Hello, everyone. Many of you saw my reviews here on CR of the new Canon 35mm f/1.4L II or the Sigma 35mm f/1.4 DG ART. In those reviews I did a comparison between several different contenders in a variety of areas, including autofocus. I noted in that comparison that I didn't feel that the copy of the Tamron 45 VC that I had was performing up to the spec of my review copy of that lens when it came to focus. I sent it to Tamron, who concurred and sent me a replacement copy (this is my own personal copy). I redid the test after doing a thorough AFMA, and this brief video has my findings along with a variety of fresh images from the lens:

http://bit.ly/23vKVHd


----------



## searsie (Jan 28, 2016)

I returned a copy of this lens for a similiar AF issue. Perhaps I should have exchanged for another copy because when the lens focused correctly it was wonderfully sharp. Didn't though - bought a Canon 35 f2 IS instead that I am very happy with - think I like the 35 bokeh better as well. Third party auto focus is sooo frustrating when the rest of the lens is so tantalizing but like you Justin I believe a lens that promises AF should do it accurately and consistently (especially at the price Tamron is charging for this lens in Canada).


----------



## TWI by Dustin Abbott (Jan 29, 2016)

searsie said:


> I returned a copy of this lens for a similiar AF issue. Perhaps I should have exchanged for another copy because when the lens focused correctly it was wonderfully sharp. Didn't though - bought a Canon 35 f2 IS instead that I am very happy with - think I like the 35 bokeh better as well. Third party auto focus is sooo frustrating when the rest of the lens is so tantalizing but like you Justin I believe a lens that promises AF should do it accurately and consistently (especially at the price Tamron is charging for this lens in Canada).



I actually had to return my copy of the 35 IS for exchange when I bought it several years ago, but I'm glad I did - I've loved the lens.
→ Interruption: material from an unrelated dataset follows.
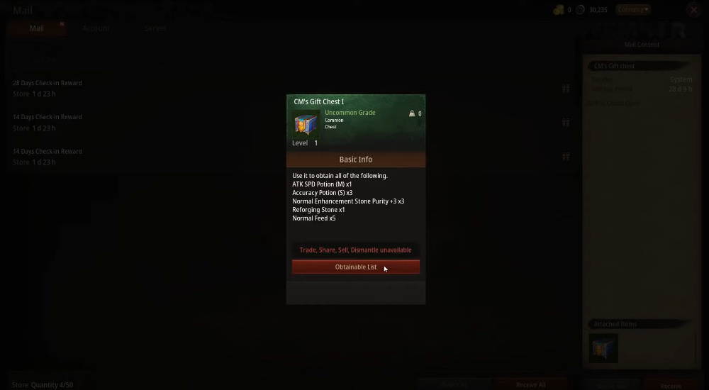 | MIRMGRANDOPEN | Active | ATK SPD Potion (M) x1. Accuracy Potion (S) x3. Normal Enhanced Stone Purity +3 x3. Forged stone x1. Normal food x5. |

I'm very happen with the Tamron 45 VC now that focus is locked in. Extremely sharp, great drawing, and the minimum focus distance makes a for a lot of fun. My policy is to have a little patience when buying a new lens; you have a brief period of goodwill with the retailer to exchange and make sure you've got the best bang for your buck. I look forward to many great years with the Tamron 45 Vc.


----------